I’m actually pretty surprised that there’s still so much defense of o3 as “it’s confused” being the major explanatory model, as opposed to “it’s doing the thing it says it is doing”.

To me, the consistent model is:

  • What behavior would you get if the model was successfully exploiting model graded rubrics during outcome based RL?

    It seems like you’d get exactly this behavior, including the responses where it claims things like ‘I did X over the weekend’

    Another point about the “it’s confused” model: It’s blatant about METR reward hacking (with comments like “the cheating way”) but presumably this would be because it did get away with doing this at scale.

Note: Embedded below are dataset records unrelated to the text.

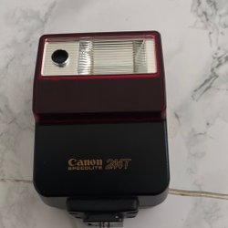 Kamera blixt för Canon autofokuskameror. Blixten är avsedd för att ge extra belysning vid fotografering. Den har en vridbar blixtdel som kan justeras i olika vinklar, från 0 till 90 grader. Blixten har en strömbrytare med lägena AC, OFF och HV BATT. Det finns även indikatorlampor för "auto OK" och "ready/test".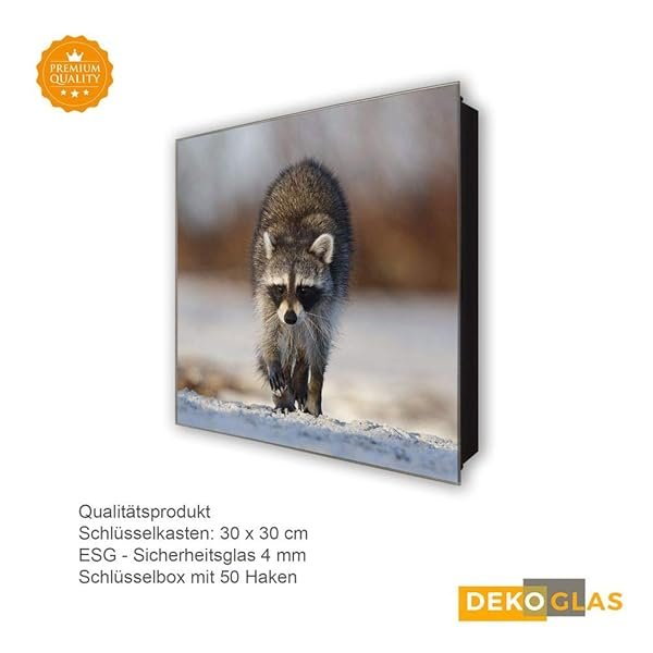 Schlüsselkasten 'Laufender Waschbär' 30×30 Glas, inkl. Haken Schlüsselbrett Schlüssel-Box Design Aufbewahrung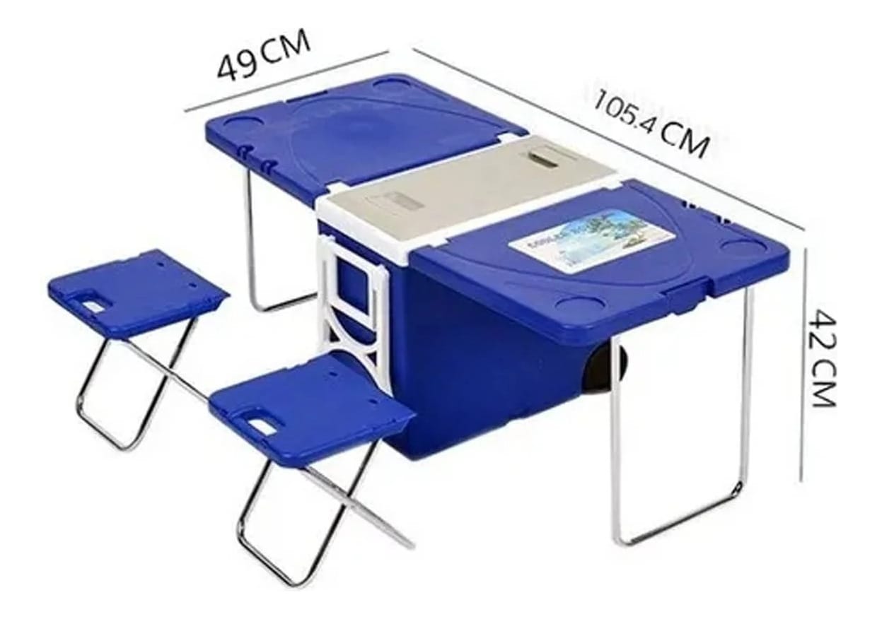 Viene con ruedas y manija para su fácil transporte, incluye dos banquetas y dos "mesitas" que le dan una excelente funcionalidad.

My understanding of the METR report is that finding these cases was a considerable time sink, so it seems plausible these could be missed at scale in training (indeed the Baker 2025 obfuscation paper just says they made the environments less obviously reward hackable, but the rates don’t go to 0).

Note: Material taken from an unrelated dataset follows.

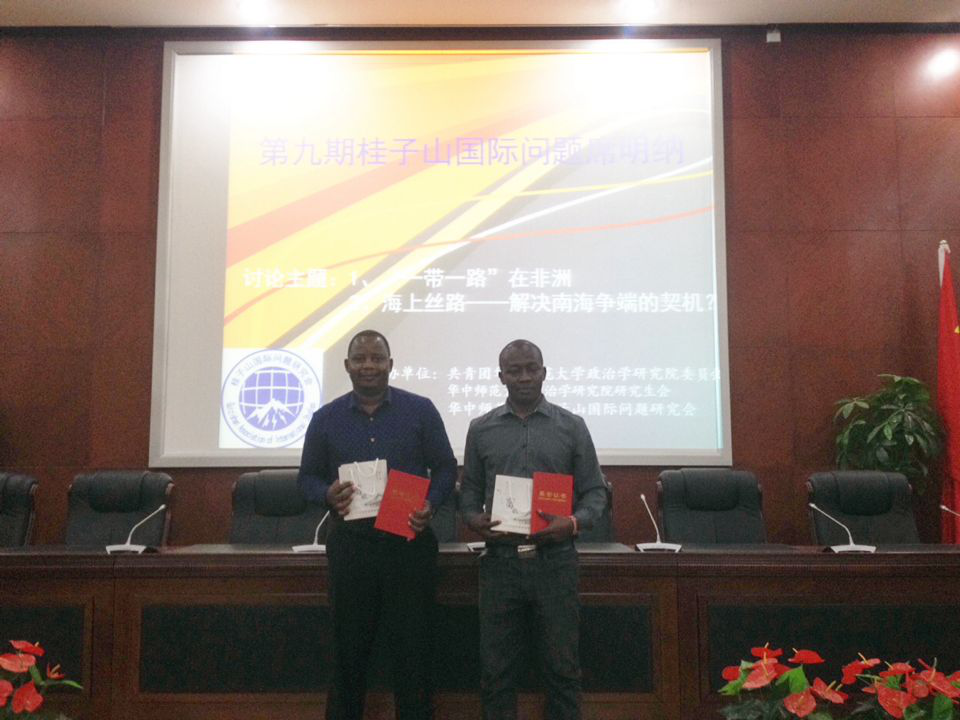 (通讯员:陈明月)527日,桂子山国际问题研究会在老图书馆四楼模拟联合国实验室举办桂子山国际问题席明纳第期活动,活动主要围绕路上丝绸之路与非洲及海上丝绸之路与南海问题展开了研讨。国际事务研究张弦博士、来自马拉维Ephraim Abel Kayembe博士和来自肯尼亚的硕士研究生Raphael Ziro应邀参加此次活动。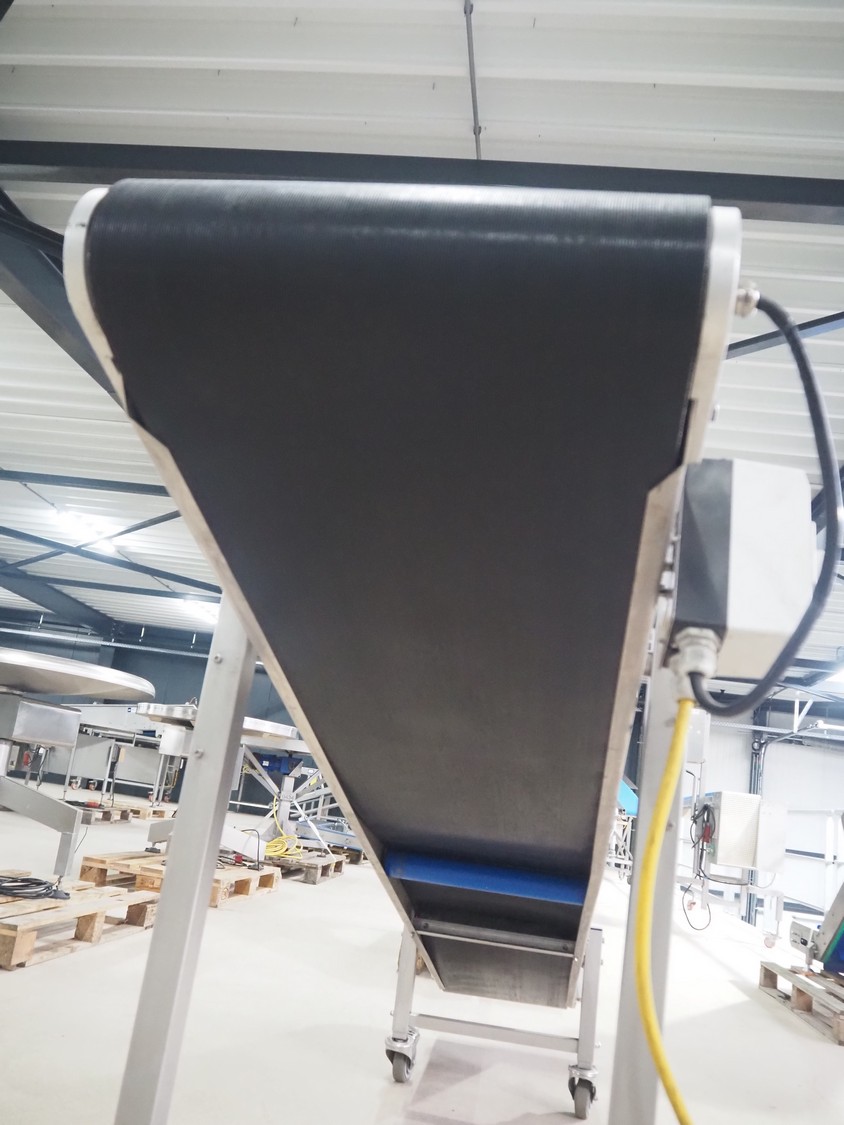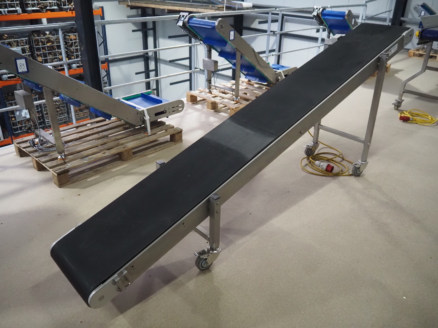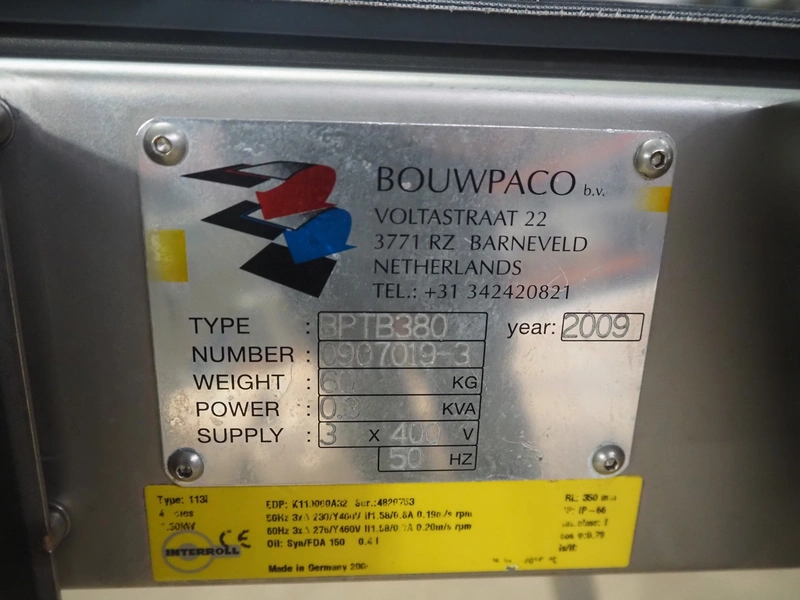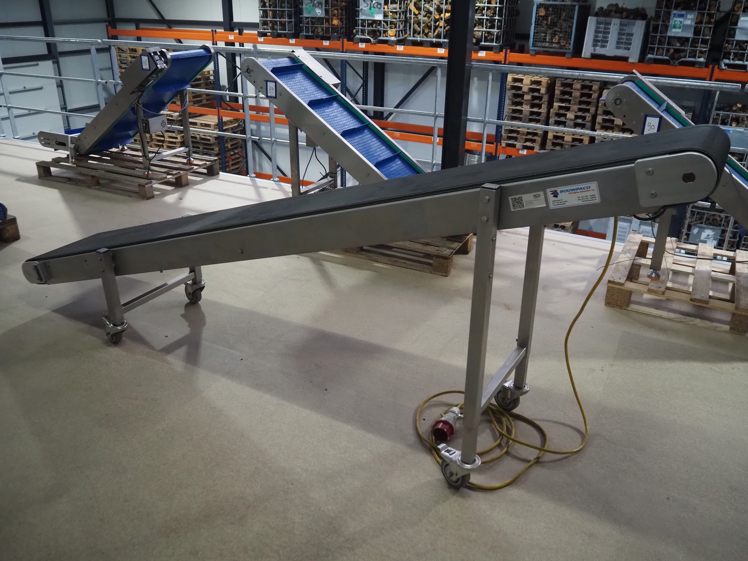 Bouwpaco B.V. mobile elevating belt, type: BPTB380, number: 0907019-3, year of construction: 2009, 400 V, 3 Ph, 50 Hz, 0.3 KVA, weight: 60 kg, s/s frame, plastic belt, belt width: 300 mm, total dimensions: 550 mm x 2850 mm x 1100 mm.

    If an arbitrary “new heavy agentic RL posttraining model” exhibits a ton of reward hacking, my default theory is “it’s doing what it says on the tin”. While maybe it’s true that some component of some cases is partially explained by a weirder base model thing, it seems like the important thing is “yeah it’s doing the reward hacking thing”.

    It is an update to me how many people still are pushing back even when we’re getting such extremely explicit evidence of this kind of misalignment, as it doesn’t seem like it’s possible to get convincing enough evidence that they’d update that the explanation for these cases is primarily that yes the models really are doing the thing.

    (FWIW this is also my model of what Sonnet 3.7 is doing, I don’t think it’s coincidence that these models are extremely reward hacky right when we get into the “do tons of outcome based RL on agentic tasks” regime).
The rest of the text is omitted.